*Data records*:
______

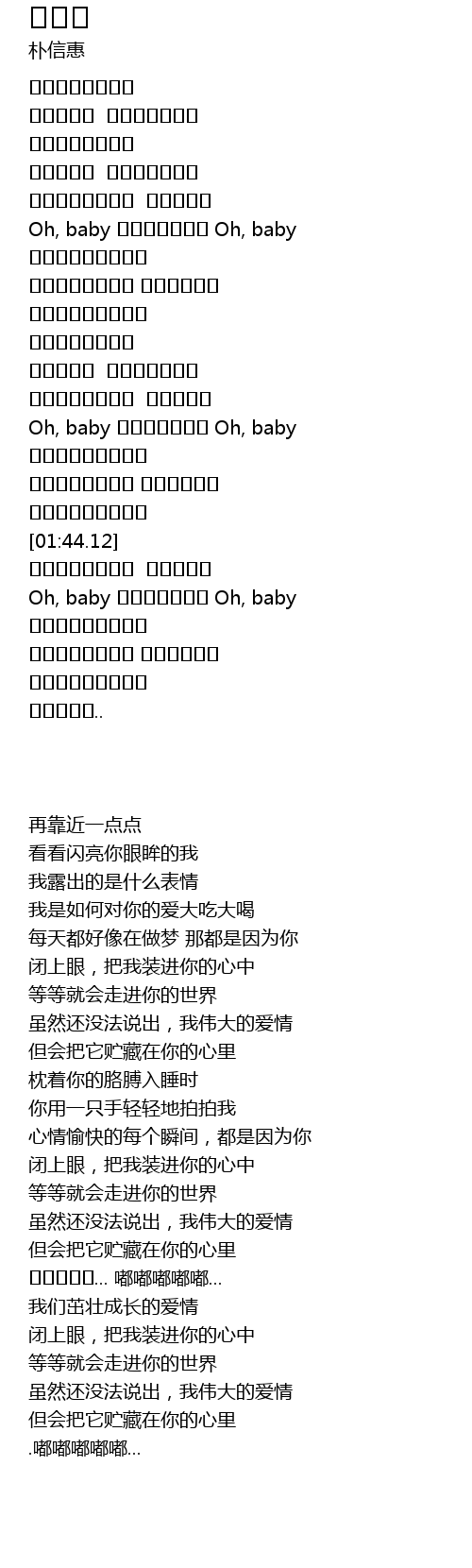 | [02:17.36] | Oh, baby 눈감아나를담아 Oh, baby |
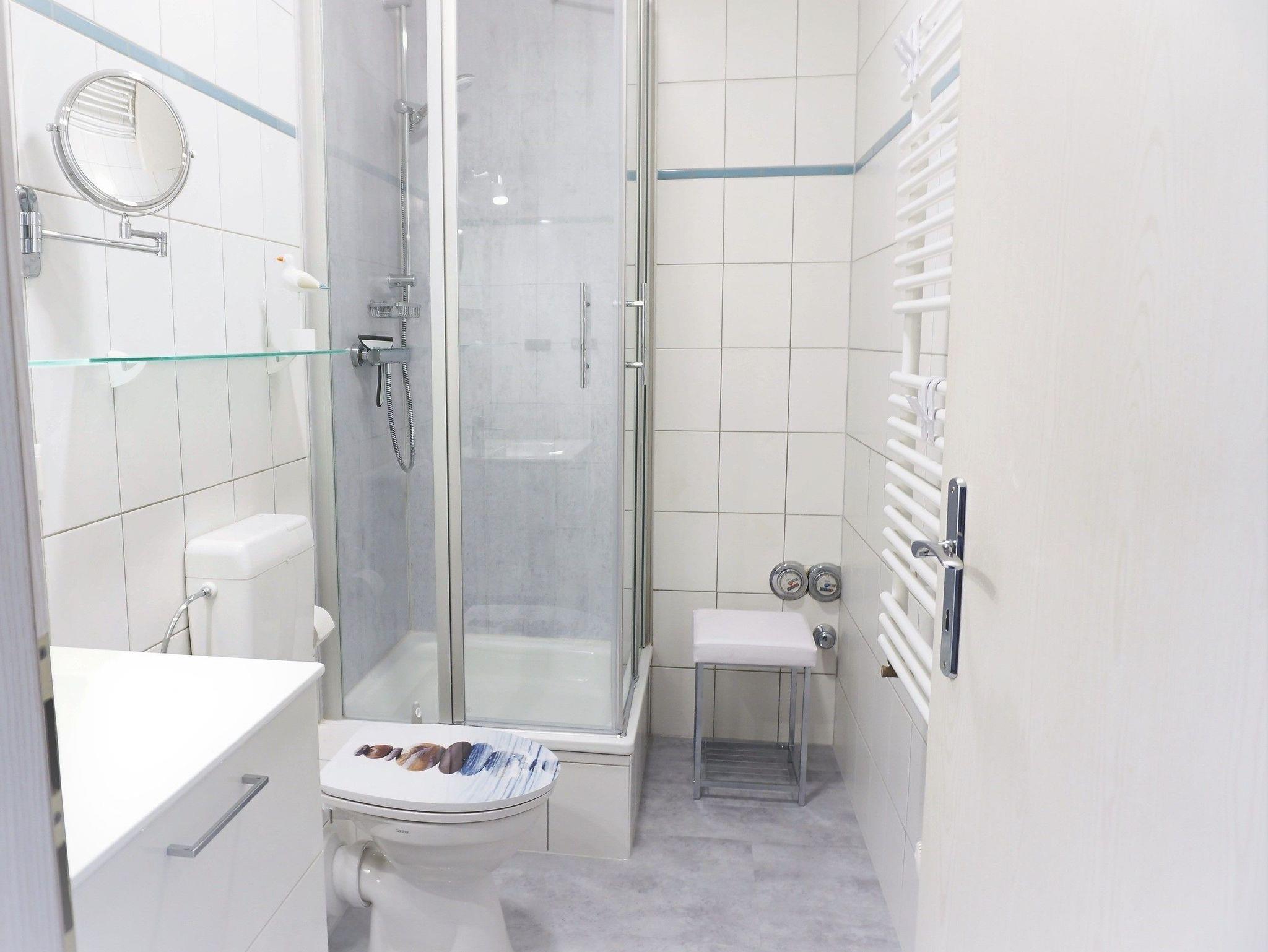 Das ebenfalls im maritimen blau-weiß gehaltene Badezimmer verfügt über Dusche, Waschbecken und WC.
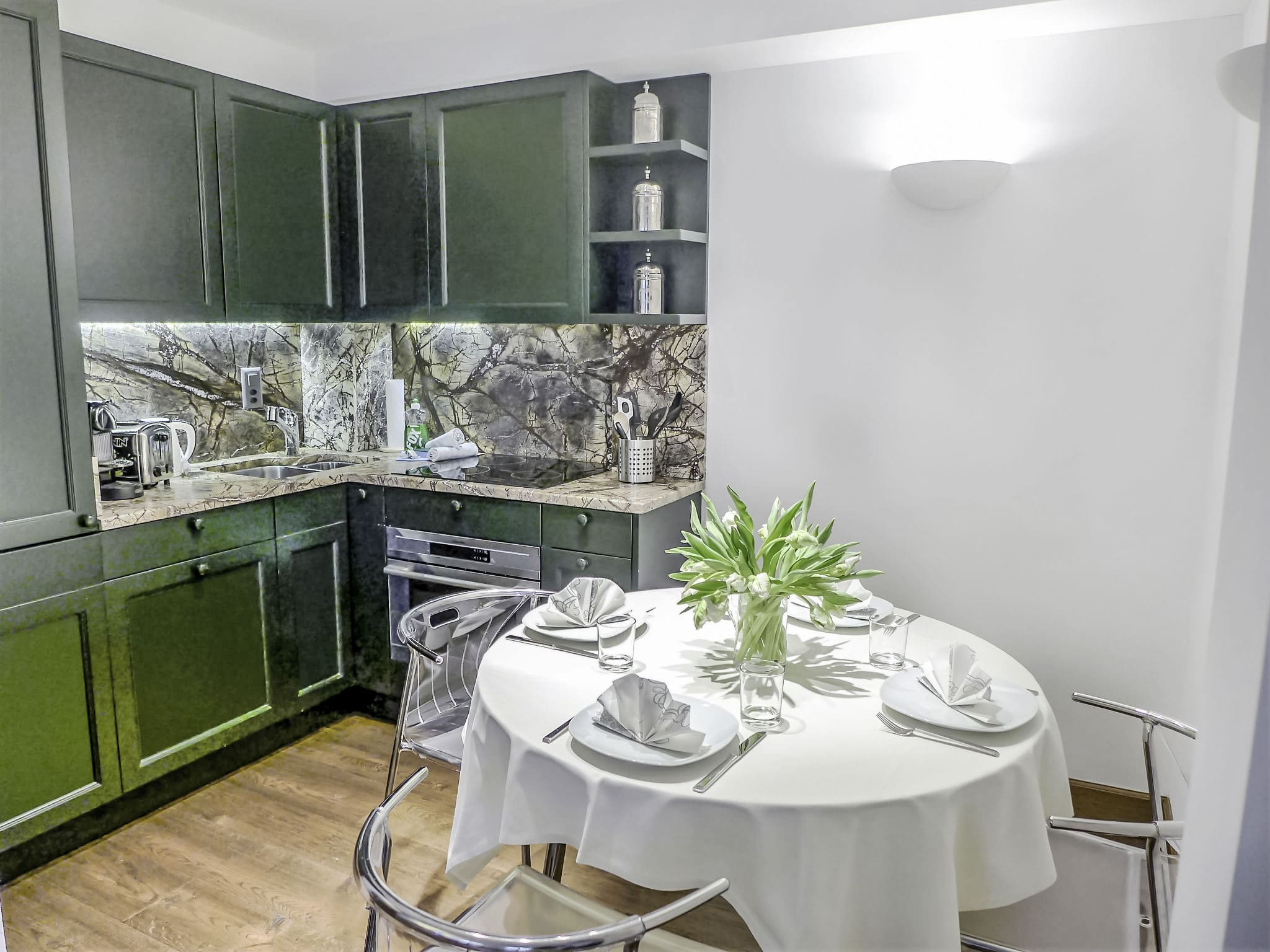 The apartment includes WiFi, iron, hair dryer, and environmentally conscious features such as LED lighting, renewable electricity, and water-efficient fixtures. The nearest major airports are Zurich (223 kilometres) and Milan Malpensa (185 kilometres), both easily accessible by car or public transport.
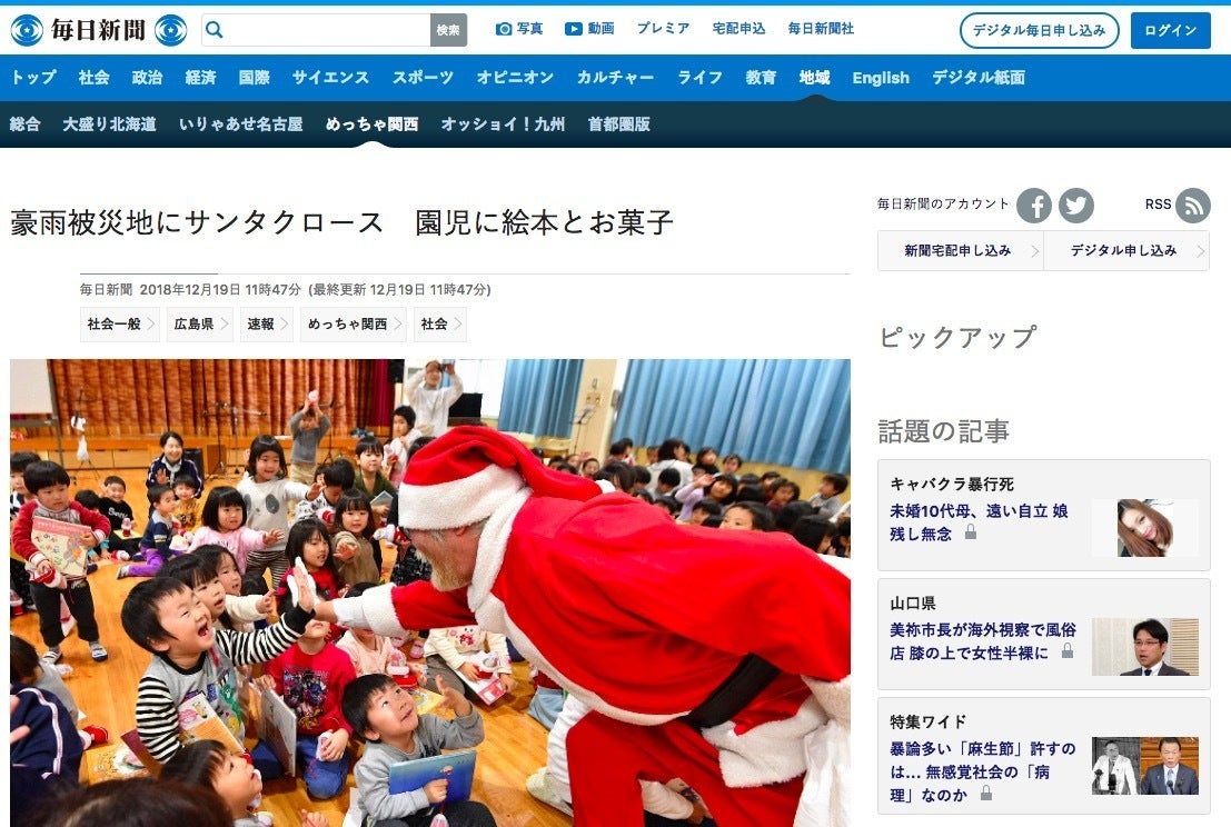 西日本豪雨で被災した広島の保育園を訪問した様子が毎日新聞に掲載されました。https://mainichi.jp/articles/20181219/k00/00m/040/092000c※補足:チャリティーサンタでは、12/24クリスマスイブに訪問するのが活動のメインですが、今回のような施設や病院などの都合によっては、イブより前の訪問にもできる限りサンタさんは対応しています。
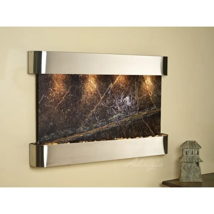 The Sunrise Springs Collection offers the tranquility of water in motion falling over a beautiful Natural Slate, Marble, Travertine, Featherstone, or Mirror surface. Adagio Water Features represents the best the industry has to offer. *Comes complete with Polished River Rocks, Halogen lighting, and 1 pump. *Comes with EZ Installation Instructions and DVD. *On/Off pull chain allows you to run lights only, water only, or water and lights together. *Dimmer Switch allows you to adjust the lighting to produce the desired ambiance. *Optional: Stone Selection, LED lights w/ remote, Black Polished Pebbles, Customized Logo and Water Distillers are available. *
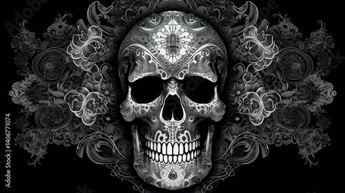 skull, ornate, floral, pattern, decorative, death, gothic, halloween, sugar, skeleton, black, white, monochrome, design, vintage, retro, art, tattoo, illustration, ornament, graphic, fantasy, grisly, dark, skittish, horror, scarey, evil, dead, bone, bone, head, face, jaw, teeth, flower, swirl, baroque, detailed, victorian, elegant, stylish, intricate, complex, fancy, artistic
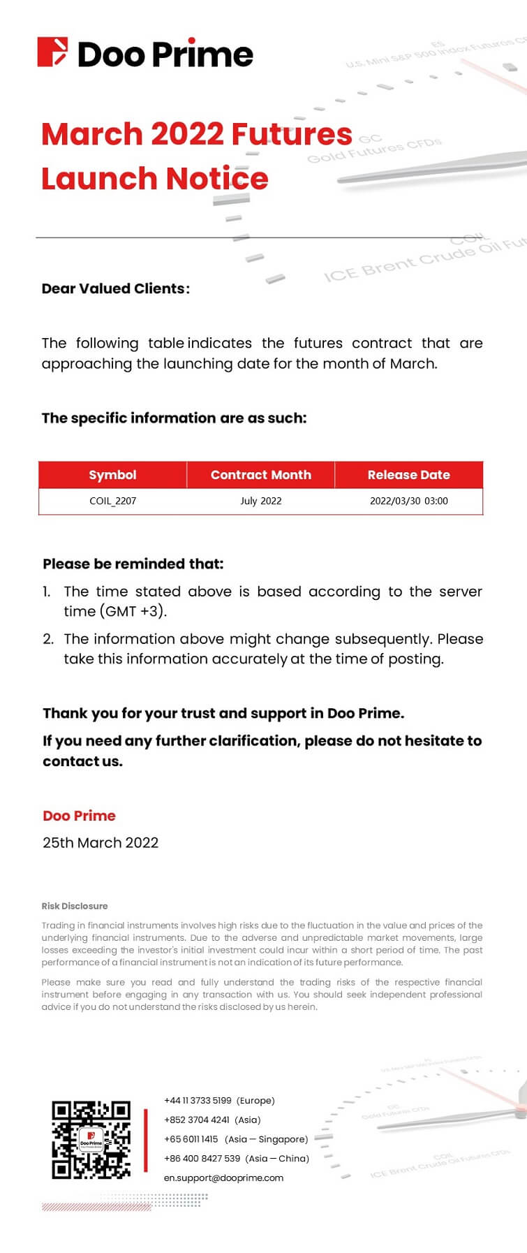 Doo Prime March 2022 Futures Launch Notice
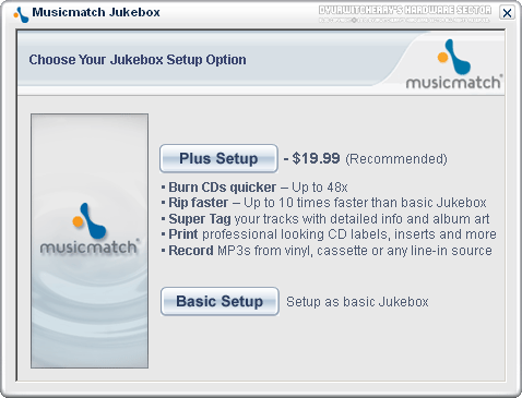 MusicMatch Jukebox 설치를 완료하면, Choose Your Jukebox Setup Option 창이 활성화 되어 48x 이상의 CD 버닝과 Rip faster, Super Tag와 CD 레이블 프린트, Record 기능 등이 추가 되어 라이선스 비용 $19.99의 뮤직매치 주크박스 플러스와 무료 버전인 베이직 버전 중 선택화면이 나타나며, Basic Setup을 클릭하여 종료하면 됩니다.
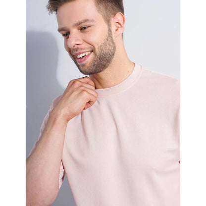 Celio* Solid Regular Fit Cotton-Blend Pink T-Shirt
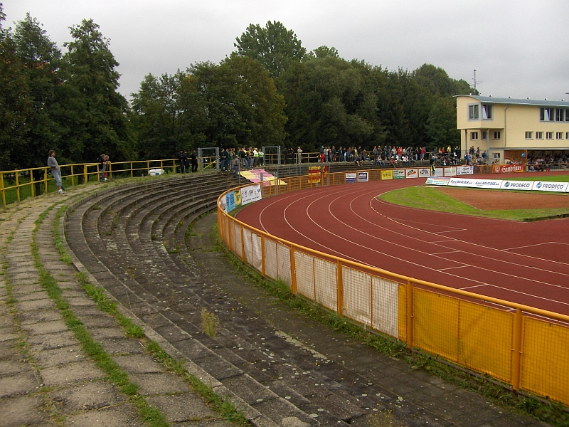(Hriste Ruzovy vrch KV, 50.239327, 12.869657) Vor der Stadtbesichtigung gönnten wir uns dieses Testmatch des FC Slavia Karlovy vary im Lokomotive Stadion.
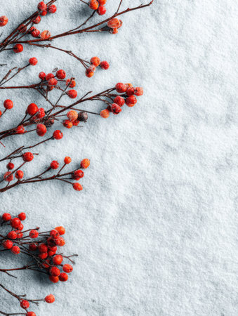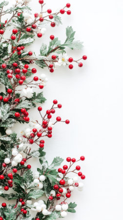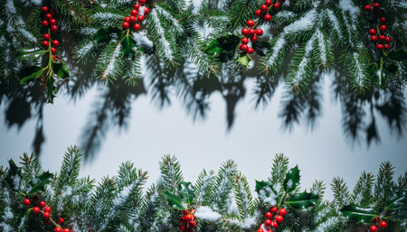 Cinematic high contrast composition featuring snow-dusted pine boughs and bright red holly berries forming natural frame. Perfect for holiday marketing, Christmas campaigns, winter themes.
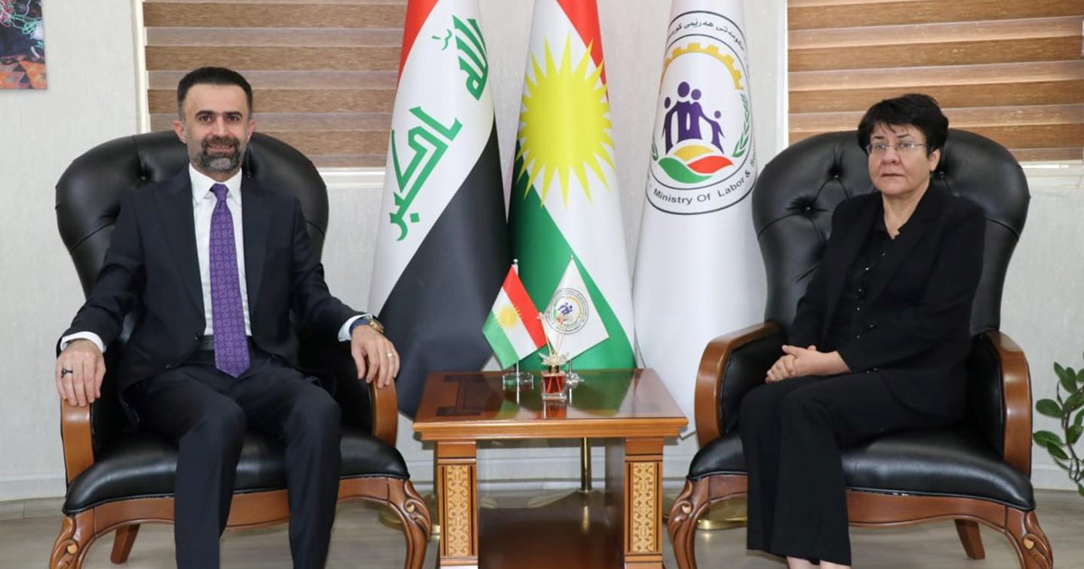 وەزیری کار و کاروباری کۆمەڵایەتی پێشوازی لە بەرێوەبەری گشتی لە نوێنەرایەتیی حکوومەتی ھەرێم کرد
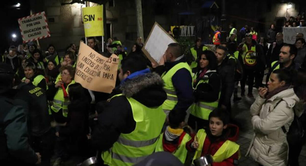 Algo más de un centenar de padres y madres de CEIP ‘Señorío de Muriel’ de Torrejón del Rey (Guadalajara) provistos de cacerolas, sartenes, cencerros y otros útiles que provocan ruido, se han concentrado ante las puertas del Ayuntamiento de esta localidad del Corredor del Henares para reclamar un instituto nuevo «ya» para el municipio y protestar contra la decisión de la Junta de reconvertir su colegio en dicho instituto y trasladar a sus escolares al otro centro escolar.
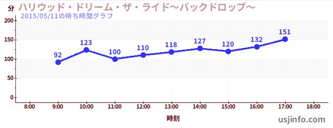 • ハリウッド・ドリーム・ザ・ライド〜バックドロップ〜$B$N(B2015年05月11日の待ち時間
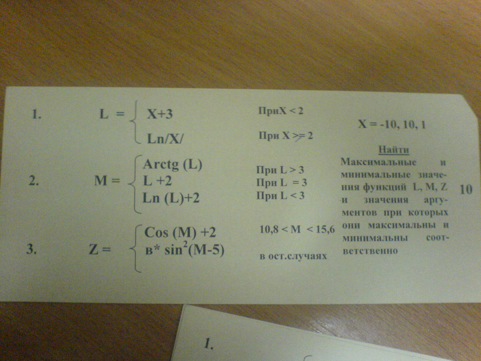 И, туплю с утра Макс. и мин. значения только при заданных х или вообще? Код INPUT "Vvedite x "; x IF x < 2 THEN LET l = x + 3 ELSE LET l = LOG(x) END IF SELECT CASE l CASE l > 3 LET m = ATN(l) CASE l = 3 LET m = l + 2 CASE l < 3 LET m = LOG(l) + 2 END SELECT IF (m > 10.8) AND (m < 15.6) THEN LET z = COS(m) + 2 ELSE LET z = b * SIN(m - 5) * SIN(m - 5) END IF PRINT l, m, z |
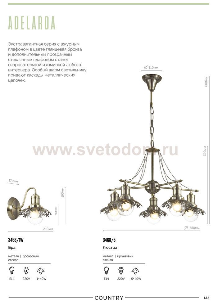 Храктерная особенность артикула 3468/1W: Экстравагантная серия с ажурным плафоном в цвете глянцевой бронза и дополнительным прозрачным стеклянным плафоном станет очаровательной изюминкой любого интерьера.
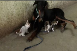 فيديو مؤثر| كلبة تتبنى ثلاثة قطط يتيمة وتقوم بإرضاعهم
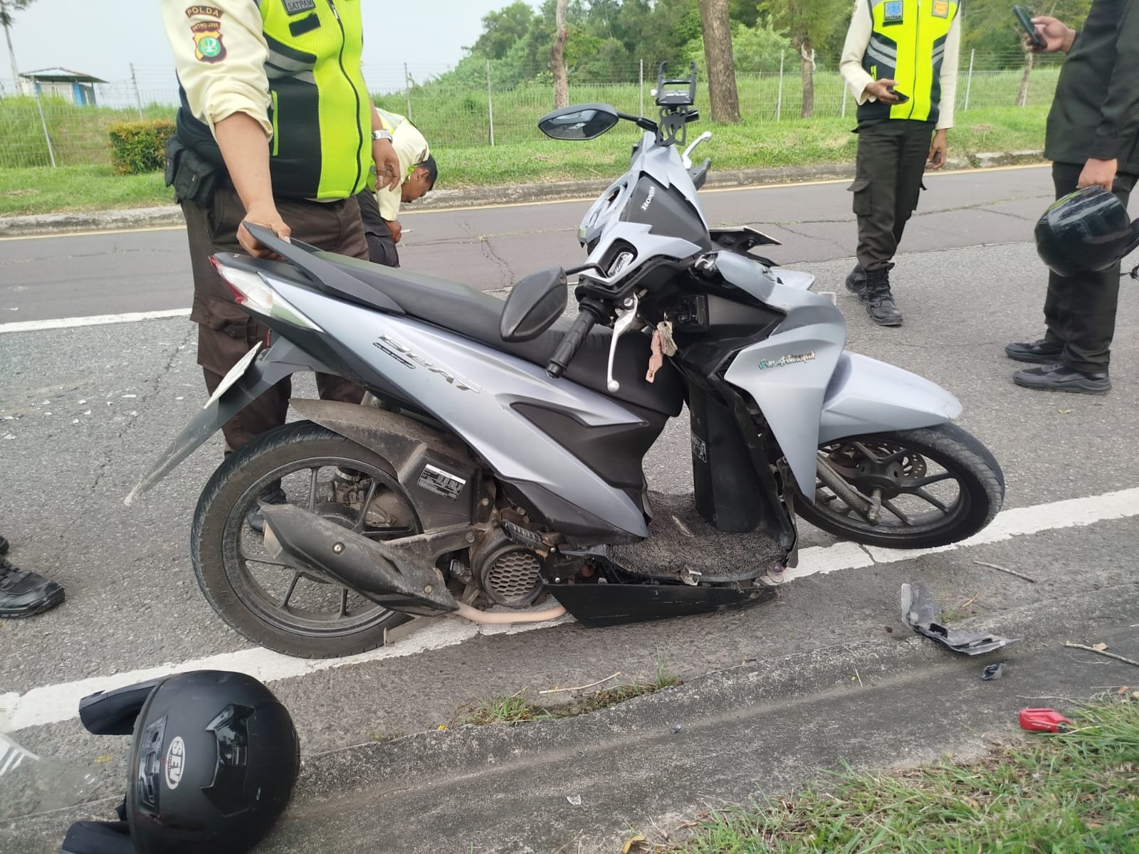NASIONALXPOS.CO.ID, BEKASI – Kecelakaan lalu lintas terjadi di kawasan industri Deltamas, Kabupaten Bekasi, Jawa Barat, Sabtu (28/3/2026). Seorang pengendara sepeda motor berinisial DK mengalami luka serius setelah menabrak mobil boks yang terparkir di depan pabrik.

______

Give back exactly, and solely, the section of the data above bounded by the line containing "MusicMatch Jukebox 설치를" and the line containing "Celio* Solid Regular", both bounding lines included and pictures omitted.

*RESULT FOR THIS TASK*:
 MusicMatch Jukebox 설치를 완료하면, Choose Your Jukebox Setup Option 창이 활성화 되어 48x 이상의 CD 버닝과 Rip faster, Super Tag와 CD 레이블 프린트, Record 기능 등이 추가 되어 라이선스 비용 $19.99의 뮤직매치 주크박스 플러스와 무료 버전인 베이직 버전 중 선택화면이 나타나며, Basic Setup을 클릭하여 종료하면 됩니다.
 Celio* Solid Regular Fit Cotton-Blend Pink T-Shirt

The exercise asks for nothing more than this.